**Data for review**

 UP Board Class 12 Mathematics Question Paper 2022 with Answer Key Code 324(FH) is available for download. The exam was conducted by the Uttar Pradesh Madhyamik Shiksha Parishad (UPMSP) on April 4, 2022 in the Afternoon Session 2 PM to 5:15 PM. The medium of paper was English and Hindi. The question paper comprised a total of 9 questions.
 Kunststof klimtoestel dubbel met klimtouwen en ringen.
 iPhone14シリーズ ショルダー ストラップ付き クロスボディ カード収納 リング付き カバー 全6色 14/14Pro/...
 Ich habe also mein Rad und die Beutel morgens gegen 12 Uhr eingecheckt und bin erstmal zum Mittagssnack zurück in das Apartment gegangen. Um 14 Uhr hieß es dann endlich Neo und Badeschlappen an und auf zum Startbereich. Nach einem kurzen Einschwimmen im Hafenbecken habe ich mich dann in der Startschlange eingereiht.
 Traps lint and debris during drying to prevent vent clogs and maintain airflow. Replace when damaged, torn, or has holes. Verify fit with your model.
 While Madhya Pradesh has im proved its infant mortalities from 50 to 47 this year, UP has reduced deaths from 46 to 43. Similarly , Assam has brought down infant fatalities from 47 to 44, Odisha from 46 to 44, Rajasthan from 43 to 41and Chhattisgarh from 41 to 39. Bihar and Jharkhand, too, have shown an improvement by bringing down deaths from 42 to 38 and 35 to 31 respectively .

**Work order**
Beginning with the line that contains "Kunststof klimtoestel dubbel", quote each line exactly through the last line of the entries above, and nothing beyond them.

**Task response**
 Kunststof klimtoestel dubbel met klimtouwen en ringen.
 iPhone14シリーズ ショルダー ストラップ付き クロスボディ カード収納 リング付き カバー 全6色 14/14Pro/...
 Ich habe also mein Rad und die Beutel morgens gegen 12 Uhr eingecheckt und bin erstmal zum Mittagssnack zurück in das Apartment gegangen. Um 14 Uhr hieß es dann endlich Neo und Badeschlappen an und auf zum Startbereich. Nach einem kurzen Einschwimmen im Hafenbecken habe ich mich dann in der Startschlange eingereiht.
 Traps lint and debris during drying to prevent vent clogs and maintain airflow. Replace when damaged, torn, or has holes. Verify fit with your model.
 While Madhya Pradesh has im proved its infant mortalities from 50 to 47 this year, UP has reduced deaths from 46 to 43. Similarly , Assam has brought down infant fatalities from 47 to 44, Odisha from 46 to 44, Rajasthan from 43 to 41and Chhattisgarh from 41 to 39. Bihar and Jharkhand, too, have shown an improvement by bringing down deaths from 42 to 38 and 35 to 31 respectively .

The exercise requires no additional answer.